• **What needs to be done**
Nothing below is to be printed except the lines between the line holding "Figure 1 Axial" and the line holding "- Порты: напорный/сливной", inclusive, each exactly as it appears.

• **Data for this exercise**
☆ ☆ ☆ ☆ ☆

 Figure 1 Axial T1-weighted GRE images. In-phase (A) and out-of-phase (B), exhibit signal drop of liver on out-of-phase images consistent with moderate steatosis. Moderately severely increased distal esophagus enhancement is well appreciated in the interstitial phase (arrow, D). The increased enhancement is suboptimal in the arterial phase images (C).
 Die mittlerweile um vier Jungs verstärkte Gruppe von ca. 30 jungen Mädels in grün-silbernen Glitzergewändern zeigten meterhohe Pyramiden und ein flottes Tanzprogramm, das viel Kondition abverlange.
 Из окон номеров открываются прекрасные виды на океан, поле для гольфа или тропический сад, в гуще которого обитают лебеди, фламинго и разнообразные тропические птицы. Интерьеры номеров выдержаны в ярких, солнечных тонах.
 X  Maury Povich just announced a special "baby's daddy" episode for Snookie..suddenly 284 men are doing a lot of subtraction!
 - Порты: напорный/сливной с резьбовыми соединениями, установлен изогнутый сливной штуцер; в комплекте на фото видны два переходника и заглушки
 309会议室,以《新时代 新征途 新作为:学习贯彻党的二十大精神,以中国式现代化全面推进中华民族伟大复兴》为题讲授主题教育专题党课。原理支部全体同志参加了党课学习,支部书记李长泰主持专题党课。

☆ ☆ ☆ ☆ ☆

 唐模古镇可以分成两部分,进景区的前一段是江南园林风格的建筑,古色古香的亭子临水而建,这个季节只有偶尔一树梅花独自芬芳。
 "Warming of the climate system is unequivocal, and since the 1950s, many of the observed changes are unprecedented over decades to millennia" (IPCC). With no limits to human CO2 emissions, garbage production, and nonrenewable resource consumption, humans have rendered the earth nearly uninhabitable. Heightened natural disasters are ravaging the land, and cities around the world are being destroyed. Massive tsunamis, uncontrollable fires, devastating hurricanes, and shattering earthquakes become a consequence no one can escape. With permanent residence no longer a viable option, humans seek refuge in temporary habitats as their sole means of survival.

☆ ☆ ☆ ☆ ☆

• **Task result**
 Figure 1 Axial T1-weighted GRE images. In-phase (A) and out-of-phase (B), exhibit signal drop of liver on out-of-phase images consistent with moderate steatosis. Moderately severely increased distal esophagus enhancement is well appreciated in the interstitial phase (arrow, D). The increased enhancement is suboptimal in the arterial phase images (C).
 Die mittlerweile um vier Jungs verstärkte Gruppe von ca. 30 jungen Mädels in grün-silbernen Glitzergewändern zeigten meterhohe Pyramiden und ein flottes Tanzprogramm, das viel Kondition abverlange.
 Из окон номеров открываются прекрасные виды на океан, поле для гольфа или тропический сад, в гуще которого обитают лебеди, фламинго и разнообразные тропические птицы. Интерьеры номеров выдержаны в ярких, солнечных тонах.
 X  Maury Povich just announced a special "baby's daddy" episode for Snookie..suddenly 284 men are doing a lot of subtraction!
 - Порты: напорный/сливной с резьбовыми соединениями, установлен изогнутый сливной штуцер; в комплекте на фото видны два переходника и заглушки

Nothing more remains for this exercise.